ABOUT THIS EXERCISE: Nothing but the lines below from the first through the one with "1739 Halfpenny - Obv." should appear, printed exactly; please leave pictures out.

DATA BLOCK:
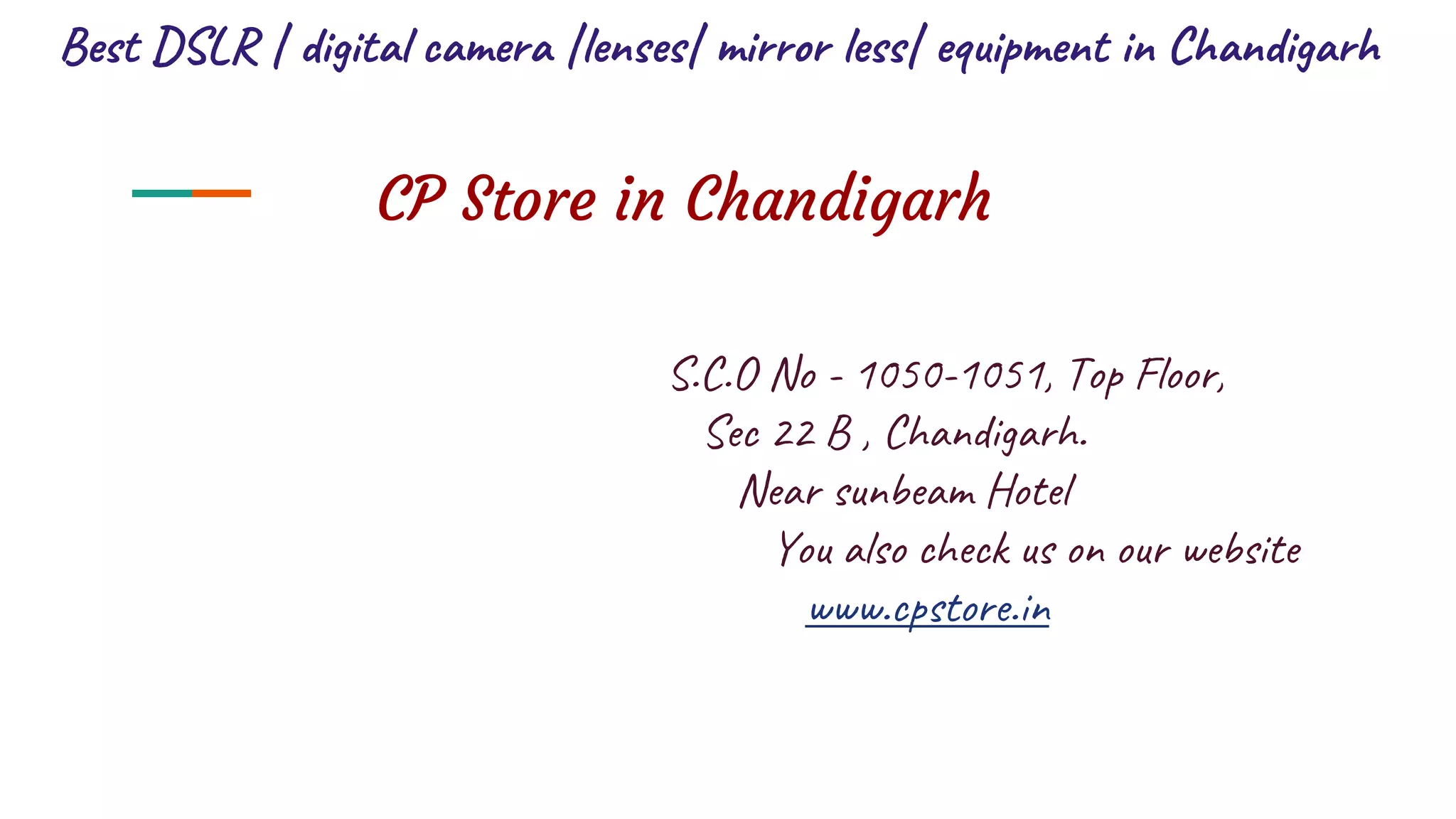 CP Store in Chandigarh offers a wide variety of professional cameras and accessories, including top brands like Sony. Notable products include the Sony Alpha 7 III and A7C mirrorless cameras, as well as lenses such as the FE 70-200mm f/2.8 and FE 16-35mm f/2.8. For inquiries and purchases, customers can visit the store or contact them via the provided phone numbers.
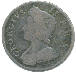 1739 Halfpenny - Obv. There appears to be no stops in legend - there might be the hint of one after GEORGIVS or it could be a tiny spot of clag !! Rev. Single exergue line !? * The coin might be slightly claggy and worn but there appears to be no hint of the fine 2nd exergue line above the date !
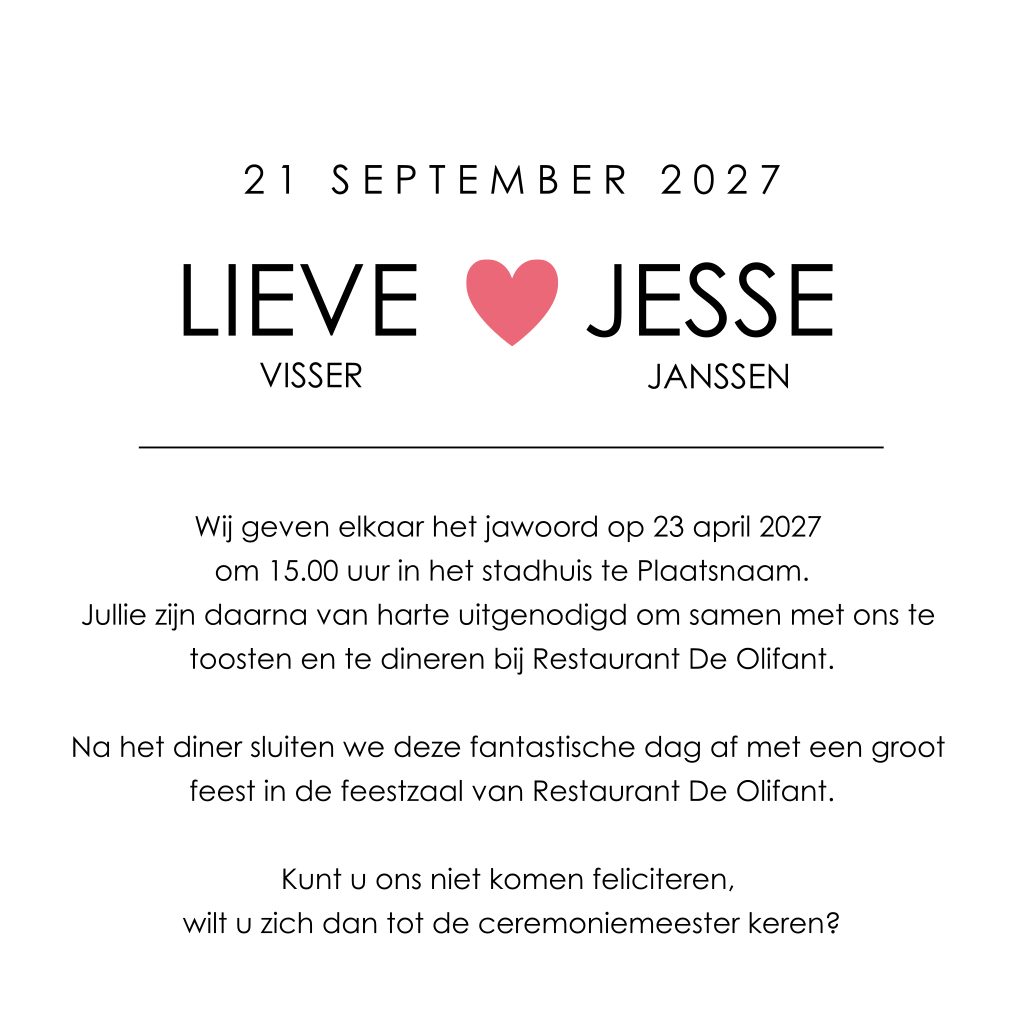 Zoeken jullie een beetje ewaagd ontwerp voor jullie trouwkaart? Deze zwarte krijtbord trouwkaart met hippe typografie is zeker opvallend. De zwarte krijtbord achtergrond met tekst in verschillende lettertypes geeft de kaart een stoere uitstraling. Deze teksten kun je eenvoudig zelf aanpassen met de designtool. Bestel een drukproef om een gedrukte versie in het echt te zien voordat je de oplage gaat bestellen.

TASK OUTPUT:
 CP Store in Chandigarh offers a wide variety of professional cameras and accessories, including top brands like Sony. Notable products include the Sony Alpha 7 III and A7C mirrorless cameras, as well as lenses such as the FE 70-200mm f/2.8 and FE 16-35mm f/2.8. For inquiries and purchases, customers can visit the store or contact them via the provided phone numbers.
 1739 Halfpenny - Obv. There appears to be no stops in legend - there might be the hint of one after GEORGIVS or it could be a tiny spot of clag !! Rev. Single exergue line !? * The coin might be slightly claggy and worn but there appears to be no hint of the fine 2nd exergue line above the date !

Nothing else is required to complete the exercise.